Although Johns Hopkins is most noteworthy as a pioneer in graduate education, Gilman also introduced innovations at the collegiate level, including rigorous admissions standards, more demanding than those of the leading collegiate institutions of the day, Yale and Harvard. Because students matriculated with the equivalent of a year or two of collegiate study already completed, it generally took them only three years to fulfill the requirements for an undergraduate degree; it was not until 1907 that Hopkins formally moved to a regular four-year program.

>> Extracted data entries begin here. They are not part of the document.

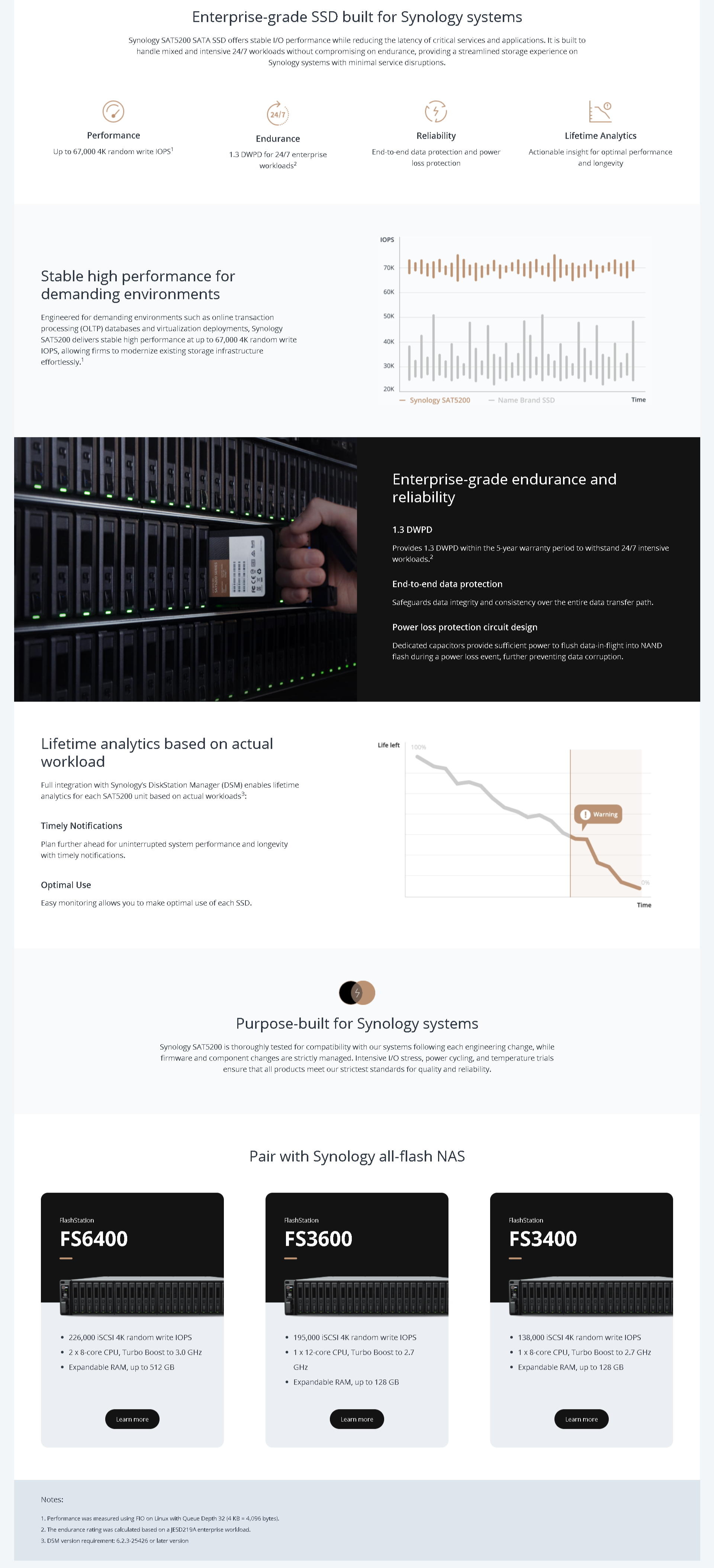 Synology SAT5200 offers stable I/O performance while reducing the latency of critical services and applications. It is built to handle mixed and intensive I/O workloads without compromising on endurance, providing a streamlined storage experience on Synology systems and minimizing service disruption. The SAT5200 series comes with advanced lifetime analytics and is backed bySynology 5-year limited warranty.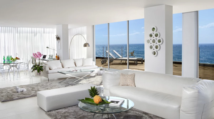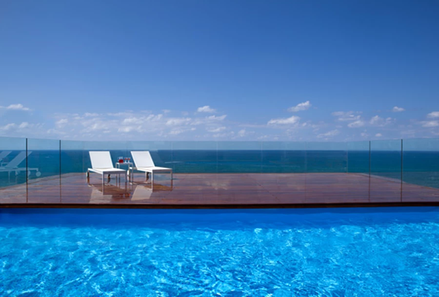 סוויטת היהלום מעוצבת בקו נקי ומודרני על טהרת הגון הלבן. מעקות המרפסות עשויים זכוכית שקופה ומינימליסטית, כשהם מאפשרים קבלת פרספקטיבות ארוכות טווח מכל אזורי הסוויטה לנופם של הים התיכון והעיר תל אביב, המשרה את קסמו בחללה ומעצים את חוויית השהיה בה.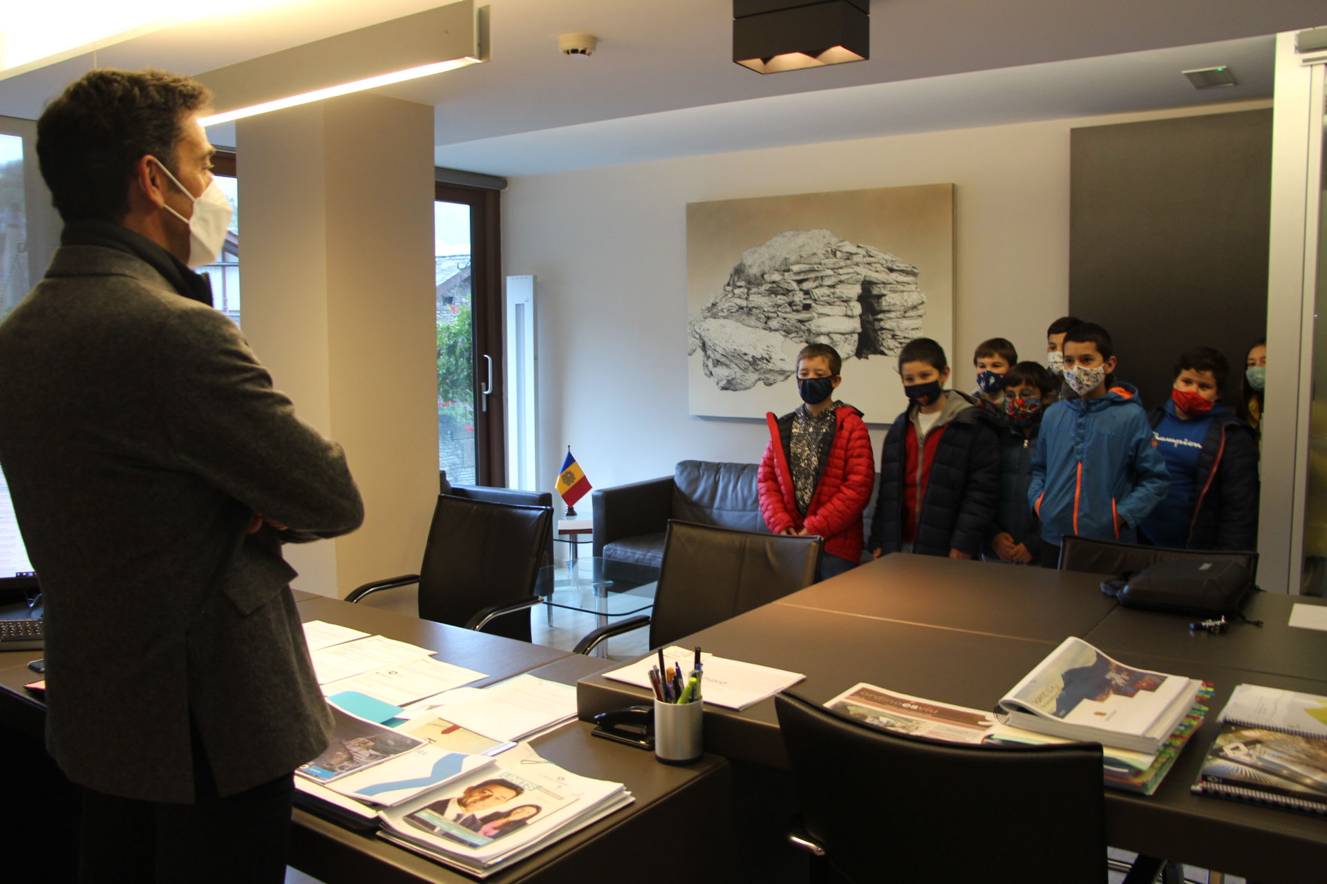 Els cònsols d'Ordino, Josep Àngel Mortés i Eva Choy, han rebut aquest matí la visita dels alumnes de CM2 de l’Escola francesa, que han acudit al Comú en grups reduïts per garantir el distanciament.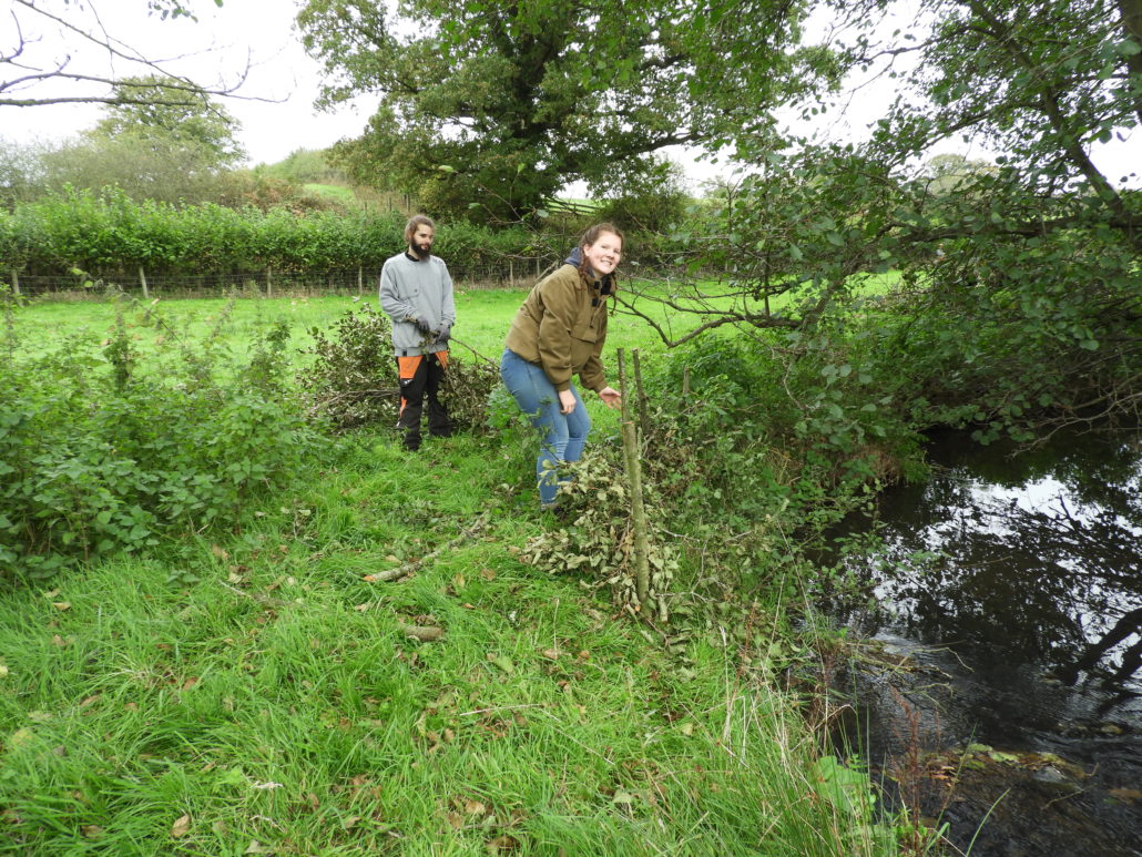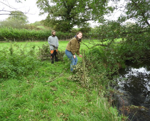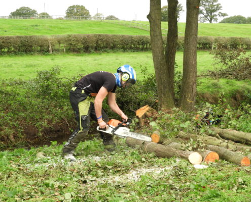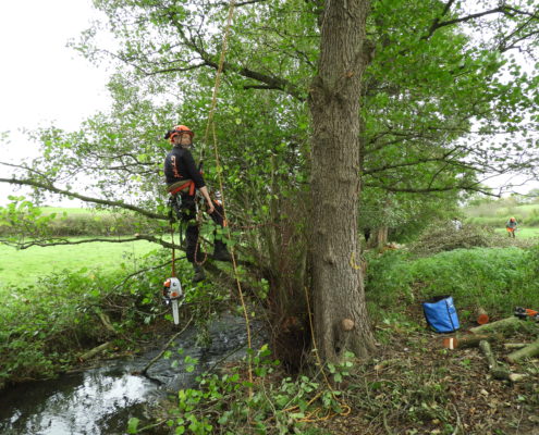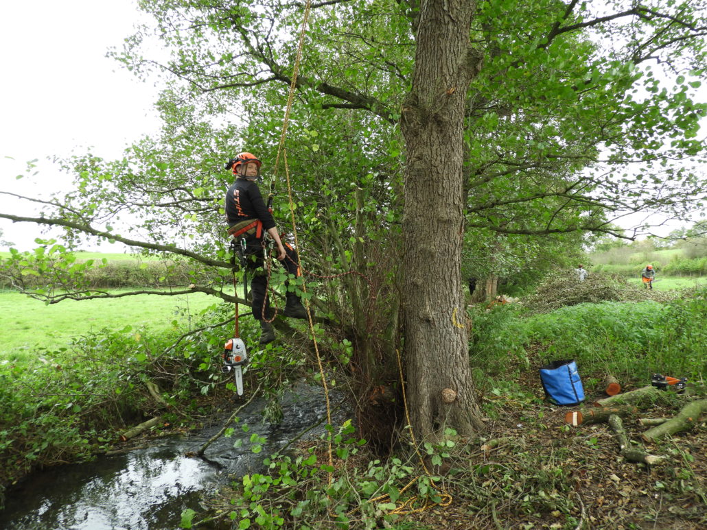 Reaseheath Level 2 arboriculture students have been undertaking practical habitat enhancement works at Charity Farm, near Bangor-on-Dee. Students have been practicing their aerial tree climbing skills by coppicing mature Alder trees along the Emral brook. The cutting of selected trees down to ground level increases light levels on to the watercourse improving its value for wildlife by providing a more varied habitat. Farmer Malcolm Adams is delighted with the work undertaken and described the students as a ‘pleasure to have on his farm.’ Bankside stabilisation work has also been undertaken with the brash by staking and weaving smaller branches along the brook in areas where erosion was a concern.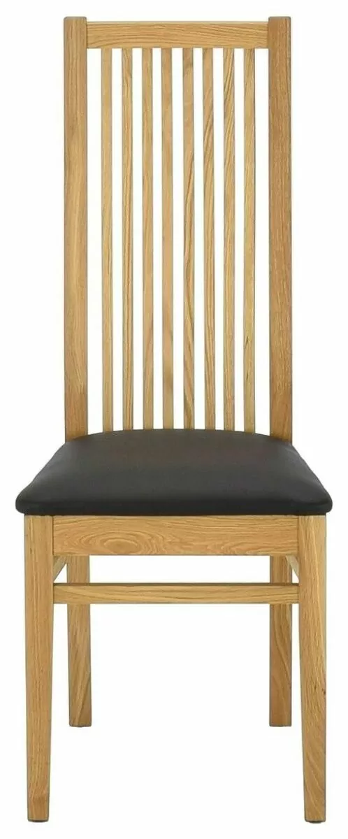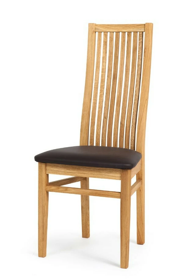Modernisti ajaton Sandra ruokatuoli on valmistettu massiivitammesta. Selkänoja kaareutuu kauniisti ja antaa hyvän tuen koko selälle. Tuolin pinta on viimeistelty puolikiiltävällä lakalla. Istuimessa on pehmustettu, keinonahkaverhoiltu istuin.
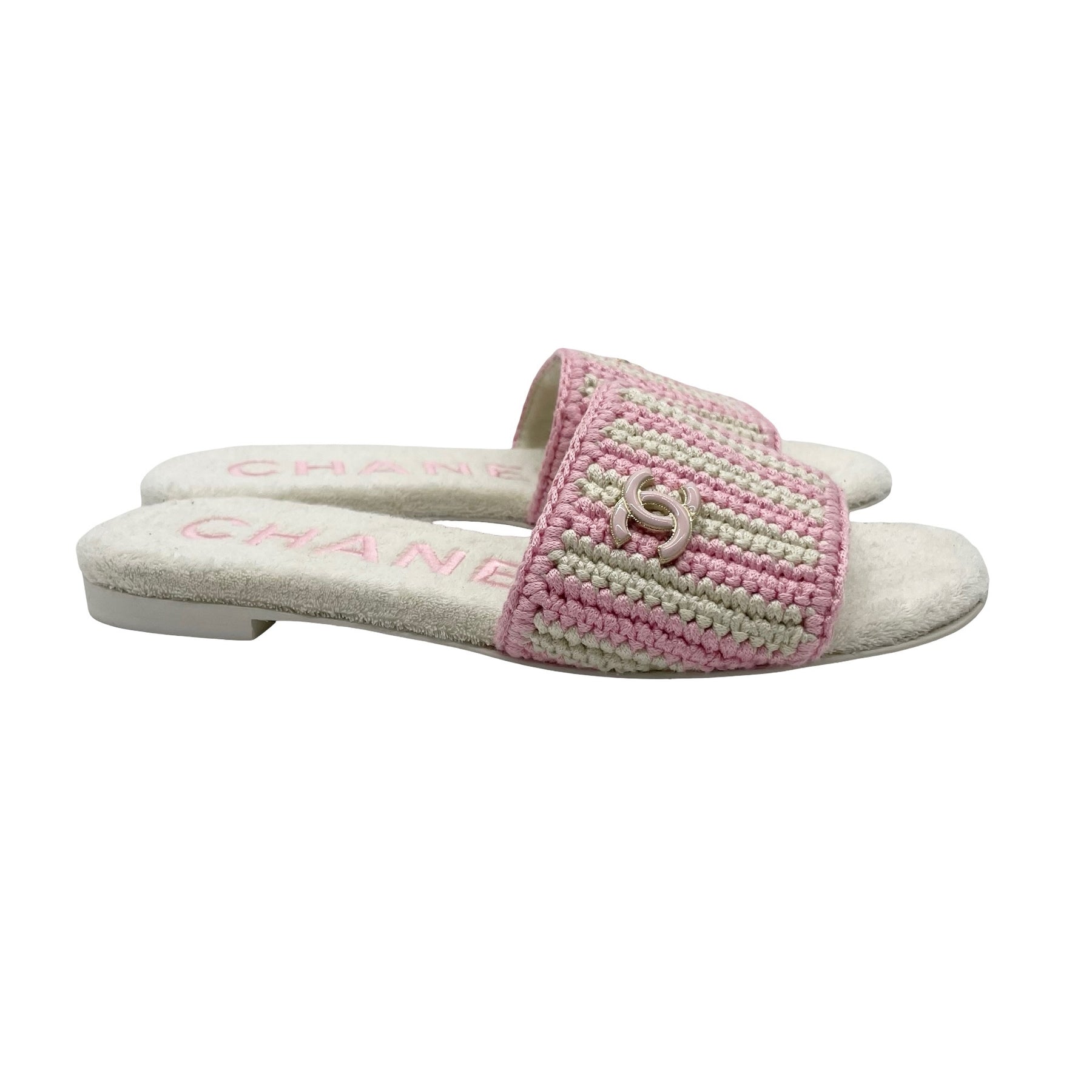 Sandalias Chanel, de piel con suela de felpa color blanco con strap de crochet blanco y rosa con placa de logotipo y camelia. Con uso, en buen estado.

One of Gilman's last achievements was securing the gift of the Homewood Campus, which was formally presented on February 22, 1902, when Ira Remsen was inaugurated as second president. Remsen planned the move of the undergraduate, graduate and extension schools from downtown, and the inauguration of the University's third president, Frank J. Goodnow, in May 1915 coincided with the dedication of the two first major buildings: Gilman and Maryland Halls. Another of Remsen's major accomplishments was obtaining aid from the state of Maryland to establish a School of Engineering, which welcomed its first class in 1914. In 1907, also during Remsen's administration, the trustees approved the admission of women to graduate study. It was not until 1970, however, that the University admitted women to the undergraduate schools.

While Hopkins enjoyed a decade of prosperity and growth in the 1920s, the Depression years and the presidency of Joseph S. Ames were spent battling a growing deficit. In 1935, however, Isaiah Bowman began his presidency with a renewed (and very successful) fundraising effort and plans to improve the quality of research and education. The Second World War soon transformed the University. Classes were held year round to graduate as many students as possible, faculty not serving in the military were forced to carry overloaded teaching schedules, and many of the scientists on campus were engaged in military research, including the Manhattan Project. Even President Bowman was actively involved in the war effort, serving the State Department and participating in the Dumbarton Oaks Conference, where proposals for the United Nations charter were drafted.